(Data extracts begins)

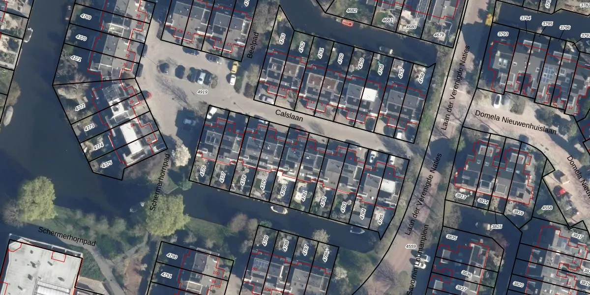 Calslaan 12 is gelegen op kadastraal perceel LDN01O4780. Deze kadastrale aanduiding is uniek en wordt gebruikt door het Kadaster om eigendomsrechten en andere zakelijke rechten vast te leggen. Het perceel maakt onderdeel uit van de kadastrale gemeente Leiden.
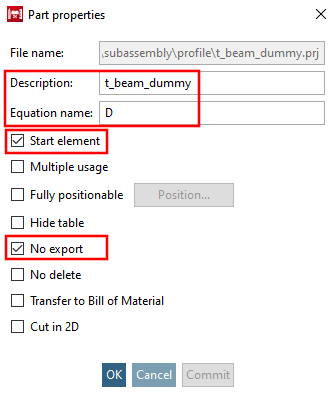 Insert the dummy start part from the directory .../partsolutions/23d-libs/training/subassembly/profile and make the corresponding entries on the part properties [Part properties] dialog page.
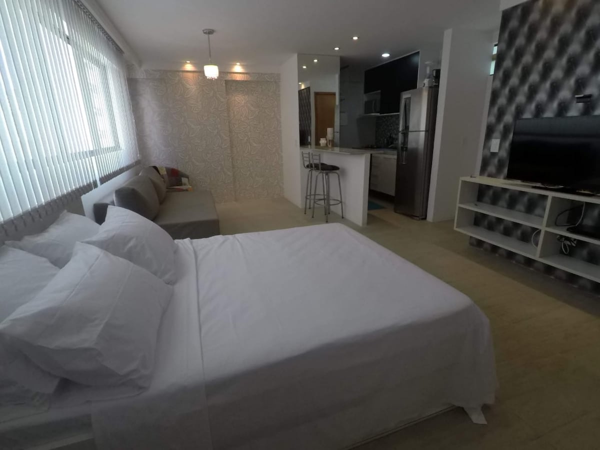 Stúdio aconchegante, com toda infra estrutura que você precisa. Muito bem localizado, próximo a mercados padarias, cafeterias, salão de beleza, taxi, parada ônibus, 2 quadras da praia de boa viagem(cerca de 550ms). O apartamento possui suíte com ar split, TV smart, 1 cama de casa Padrâol + 1 Sofá-cama, WIFI e cozinha com todos os utensílios. OBS Importante : Fogão cooktop de 2 bocas, NÃO TEM FORNO. TEMOS OUTRO ANÚNCIO - VEJA TBM: FLAT TOP NA MELHOR LOCALIZAÇÃO EM BOA VIAGEM.
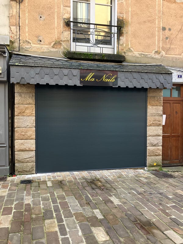 Remplacement d’une grille de sécurité d’un commerce par un volet roulant électrique en aluminium renforcé.
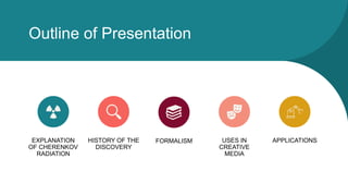 Cherenkov radiation is electromagnetic radiation produced when a charged particle exceeds the speed of light in a dielectric medium, creating a cone of blue light through a process akin to a sonic boom. Discovered by Pavel Cherenkov in 1934, its applications span from nuclear reactor safety to astrophysics and particle physics experiments. Despite common misconceptions, Cherenkov radiation is depicted inaccurately as green in media; it actually emits a distinct blue glow.
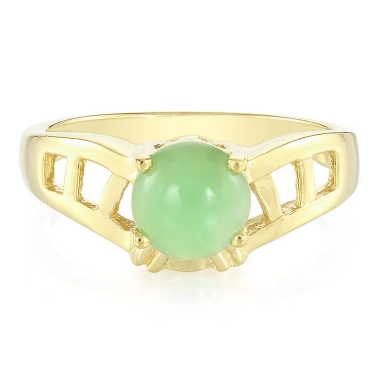 Entdecken Sie die erfrischende Anziehungskraft dieses Rings aus vergoldetem 925er Sterlingsilber, gekrönt von einem 7 mm großen runden Cabochon aus australischem Imperial Chrysopras mit insgesamt 0,76 Karat. Der grüne Farbton des Chrysopras ist eine Anspielung auf die Vitalität des Frühlings und macht ihn zu einer lebendigen Ergänzung für jedes Ensemble. Mit einem Gewicht von etwa 2,87 g strahlt der Ring sowohl Eleganz als auch Substanz aus. Dieser Ring eignet sich sowohl für den eleganten Tag als auch für den charmanten Abend und wird Ihre Schmucksammlung mit seinem einzigartigen Glanz bereichern.
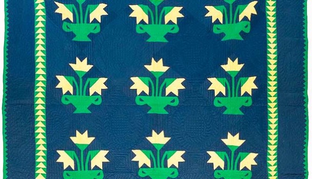 COLUMBUS, OHIO — An Amish pieced cotton quilt, made in the North Carolina Lily pattern with a Flying Geese border in Holmes County, Ohio, by Mary Miller, circa 1925, was one of the top lots in Amelia...
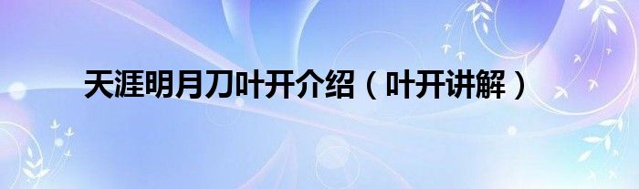1、月刃葉開已經(jīng)是一個陌生人了,而且是一個超越的世界。這是古龍的原話。在《天涯岳明島》中,葉開并沒有出現(xiàn),但書中的許多人物經(jīng)常談到葉開。
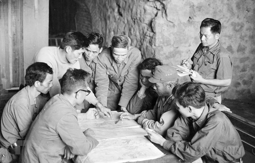 Bộ Chỉ huy mặt trận Lạng Sơn cùng chỉ huy Đoàn 327 bàn phương án tác chiến tại hang Chùa Tiên (thị xã Lạng Sơn). (Ảnh: Văn Bảo/TTXVN)
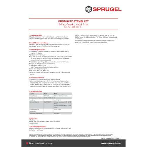 • Baustoffklasse gem. DIN EN 13501-1: Euroklasse E (d0),
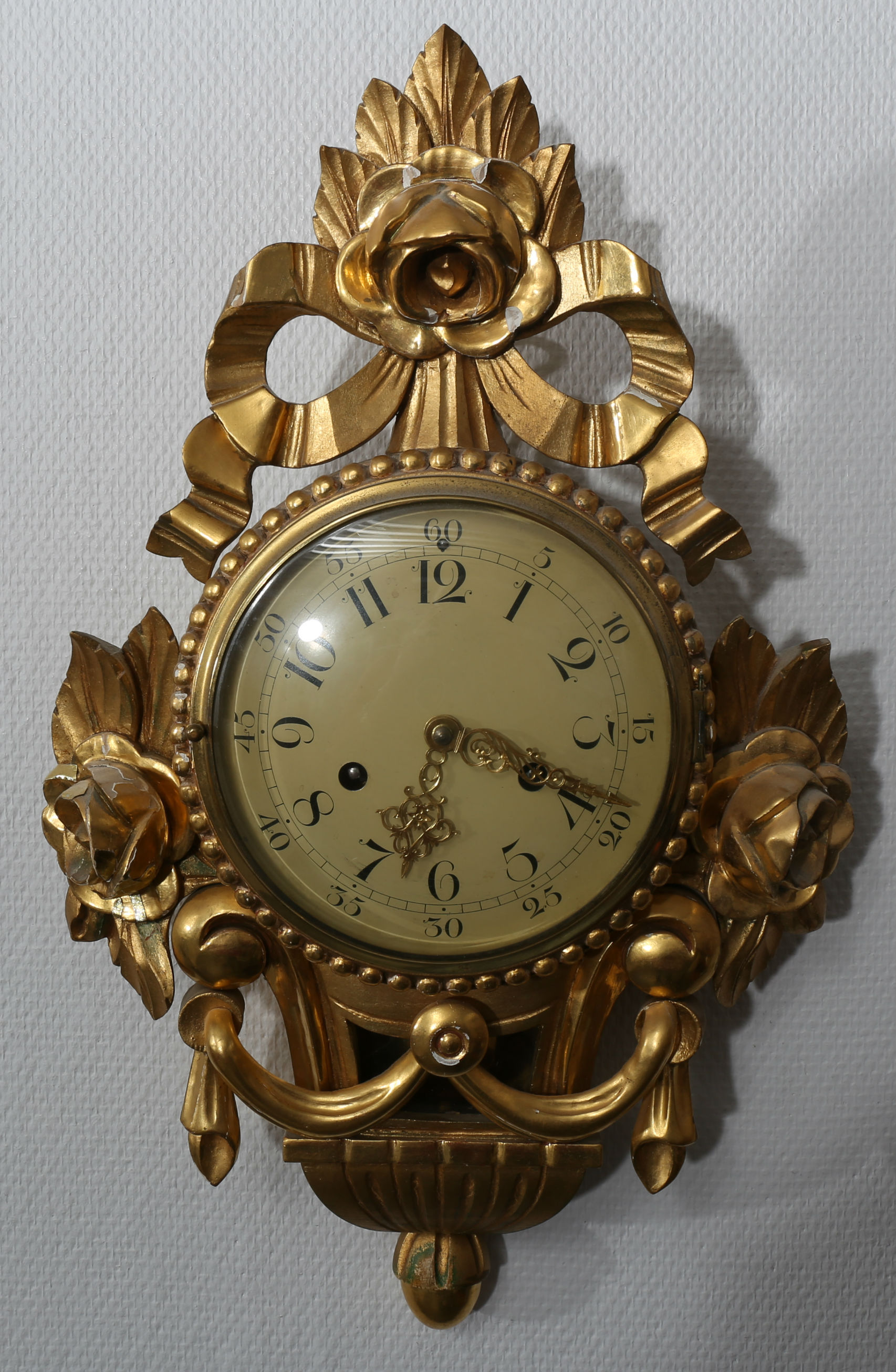 284768. VÆGPENDUL, træ, forgyldt, 20. århundrede.
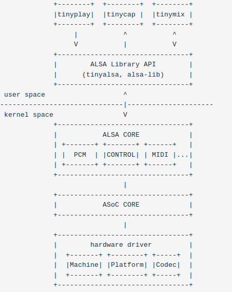 ALSA Library API:alsa 用户库接口,常见有 tinyalsa、alsa-lib
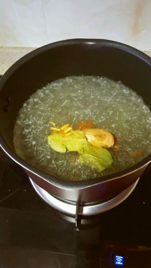 取水烧开,加入柠檬草,香茅以及姜片让其出味;滤出姜片等留取汤汁备用;
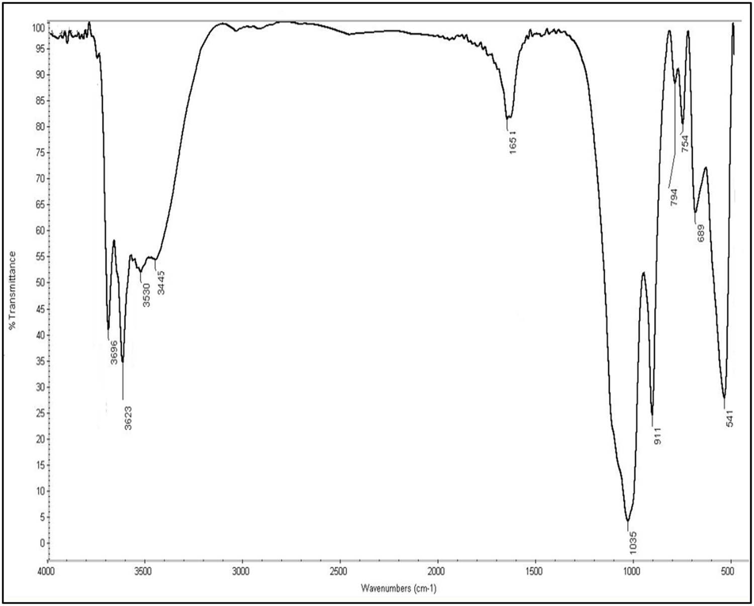 Figure 4 presents the FT-IR spectroscopy results for montmorillonite nanotubes. Broad peaks at 3,400 cm−1 typically indicate the O–H stretching vibrations, suggesting the presence of hydroxyl groups or water molecules within the nanotube structure. This is common in clays due to their hydrophilic nature and the ability to intercalate water molecules between the layers. The sharp peaks around 1,630 cm−1 are characteristic of O–H bending vibrations, often associated with water absorbed in the material. The peaks at 1,000–1,100 cm−1 are indicative of Si–O stretching vibrations in the silicate layers, fundamental to the structure of montmorillonite [31]. The sharpness and position of these peaks can give insight into the degree of order in the silicate framework and any substitutions within the lattice. The lower frequency peaks (below 600 cm−1) can be attributed to metal–oxygen bonds, such as Al–O and Mg–O [32], which are integral to the octahedral and tetrahedral sheets of the montmorillonite structure. The FT-IR spectrum of montmorillonite nanotubes confirms the complex structure of these materials, highlighting their potential for various applications. The presence of functional groups like hydroxyls suggests their capability for further chemical modifications or functionalization, which could be beneficial in applications ranging from catalysis to drug delivery systems. Additionally, the spectral features indicating water content are crucial for applications in the removal of toxic dyes.
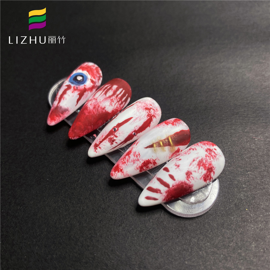 血 跡美甲圖案,白色的底色上面配上血紅色的細絲線,做成血絲的機理,一款適合恐怖角色的美甲圖案哦,什么吸血鬼、惡魔都可以試試。
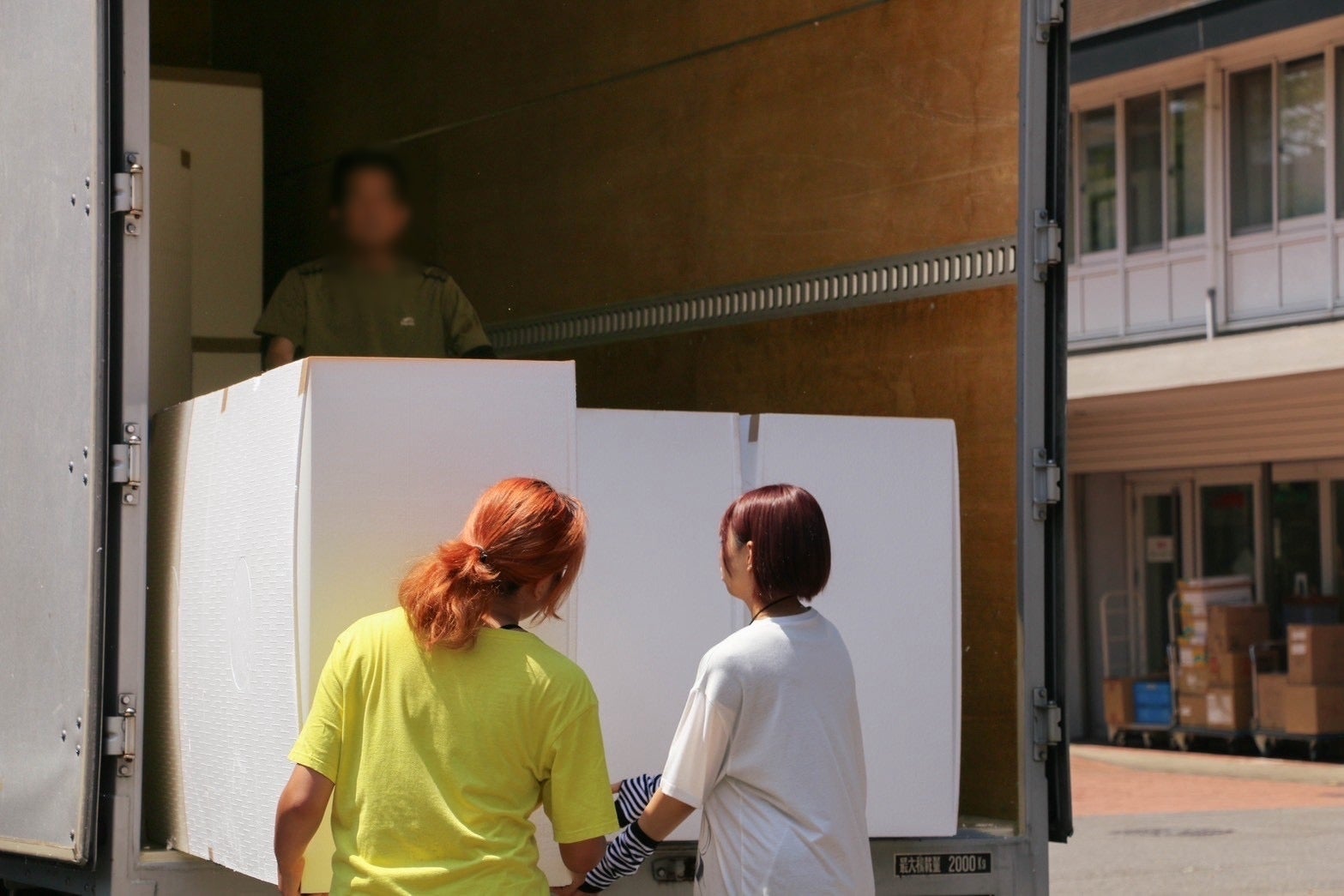 enの夏休み最初の活動日に、巨大オブジェの主役“発泡スチロール”を搬入しました!
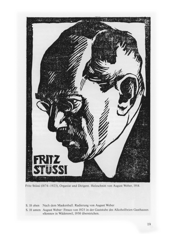 19 Fritz Stüssi (1874-1923), Organist und Dirigent. Holzschnitt von August Weber, 1914.

(Data extracts ends)

▸ Problem to work on: Down to the last line, return the entries above exactly, with no pictures.

▸ Written answer:
 Calslaan 12 is gelegen op kadastraal perceel LDN01O4780. Deze kadastrale aanduiding is uniek en wordt gebruikt door het Kadaster om eigendomsrechten en andere zakelijke rechten vast te leggen. Het perceel maakt onderdeel uit van de kadastrale gemeente Leiden.
 Insert the dummy start part from the directory .../partsolutions/23d-libs/training/subassembly/profile and make the corresponding entries on the part properties [Part properties] dialog page.
 Stúdio aconchegante, com toda infra estrutura que você precisa. Muito bem localizado, próximo a mercados padarias, cafeterias, salão de beleza, taxi, parada ônibus, 2 quadras da praia de boa viagem(cerca de 550ms). O apartamento possui suíte com ar split, TV smart, 1 cama de casa Padrâol + 1 Sofá-cama, WIFI e cozinha com todos os utensílios. OBS Importante : Fogão cooktop de 2 bocas, NÃO TEM FORNO. TEMOS OUTRO ANÚNCIO - VEJA TBM: FLAT TOP NA MELHOR LOCALIZAÇÃO EM BOA VIAGEM.
 Remplacement d’une grille de sécurité d’un commerce par un volet roulant électrique en aluminium renforcé.
 Cherenkov radiation is electromagnetic radiation produced when a charged particle exceeds the speed of light in a dielectric medium, creating a cone of blue light through a process akin to a sonic boom. Discovered by Pavel Cherenkov in 1934, its applications span from nuclear reactor safety to astrophysics and particle physics experiments. Despite common misconceptions, Cherenkov radiation is depicted inaccurately as green in media; it actually emits a distinct blue glow.
 Entdecken Sie die erfrischende Anziehungskraft dieses Rings aus vergoldetem 925er Sterlingsilber, gekrönt von einem 7 mm großen runden Cabochon aus australischem Imperial Chrysopras mit insgesamt 0,76 Karat. Der grüne Farbton des Chrysopras ist eine Anspielung auf die Vitalität des Frühlings und macht ihn zu einer lebendigen Ergänzung für jedes Ensemble. Mit einem Gewicht von etwa 2,87 g strahlt der Ring sowohl Eleganz als auch Substanz aus. Dieser Ring eignet sich sowohl für den eleganten Tag als auch für den charmanten Abend und wird Ihre Schmucksammlung mit seinem einzigartigen Glanz bereichern.
 COLUMBUS, OHIO — An Amish pieced cotton quilt, made in the North Carolina Lily pattern with a Flying Geese border in Holmes County, Ohio, by Mary Miller, circa 1925, was one of the top lots in Amelia...
1、月刃葉開已經(jīng)是一個陌生人了,而且是一個超越的世界。這是古龍的原話。在《天涯岳明島》中,葉開并沒有出現(xiàn),但書中的許多人物經(jīng)常談到葉開。
 Bộ Chỉ huy mặt trận Lạng Sơn cùng chỉ huy Đoàn 327 bàn phương án tác chiến tại hang Chùa Tiên (thị xã Lạng Sơn). (Ảnh: Văn Bảo/TTXVN)
 • Baustoffklasse gem. DIN EN 13501-1: Euroklasse E (d0),
 284768. VÆGPENDUL, træ, forgyldt, 20. århundrede.
 ALSA Library API:alsa 用户库接口,常见有 tinyalsa、alsa-lib
 取水烧开,加入柠檬草,香茅以及姜片让其出味;滤出姜片等留取汤汁备用;
 Figure 4 presents the FT-IR spectroscopy results for montmorillonite nanotubes. Broad peaks at 3,400 cm−1 typically indicate the O–H stretching vibrations, suggesting the presence of hydroxyl groups or water molecules within the nanotube structure. This is common in clays due to their hydrophilic nature and the ability to intercalate water molecules between the layers. The sharp peaks around 1,630 cm−1 are characteristic of O–H bending vibrations, often associated with water absorbed in the material. The peaks at 1,000–1,100 cm−1 are indicative of Si–O stretching vibrations in the silicate layers, fundamental to the structure of montmorillonite [31]. The sharpness and position of these peaks can give insight into the degree of order in the silicate framework and any substitutions within the lattice. The lower frequency peaks (below 600 cm−1) can be attributed to metal–oxygen bonds, such as Al–O and Mg–O [32], which are integral to the octahedral and tetrahedral sheets of the montmorillonite structure. The FT-IR spectrum of montmorillonite nanotubes confirms the complex structure of these materials, highlighting their potential for various applications. The presence of functional groups like hydroxyls suggests their capability for further chemical modifications or functionalization, which could be beneficial in applications ranging from catalysis to drug delivery systems. Additionally, the spectral features indicating water content are crucial for applications in the removal of toxic dyes.
 血 跡美甲圖案,白色的底色上面配上血紅色的細絲線,做成血絲的機理,一款適合恐怖角色的美甲圖案哦,什么吸血鬼、惡魔都可以試試。
 enの夏休み最初の活動日に、巨大オブジェの主役“発泡スチロール”を搬入しました!
 19 Fritz Stüssi (1874-1923), Organist und Dirigent. Holzschnitt von August Weber, 1914.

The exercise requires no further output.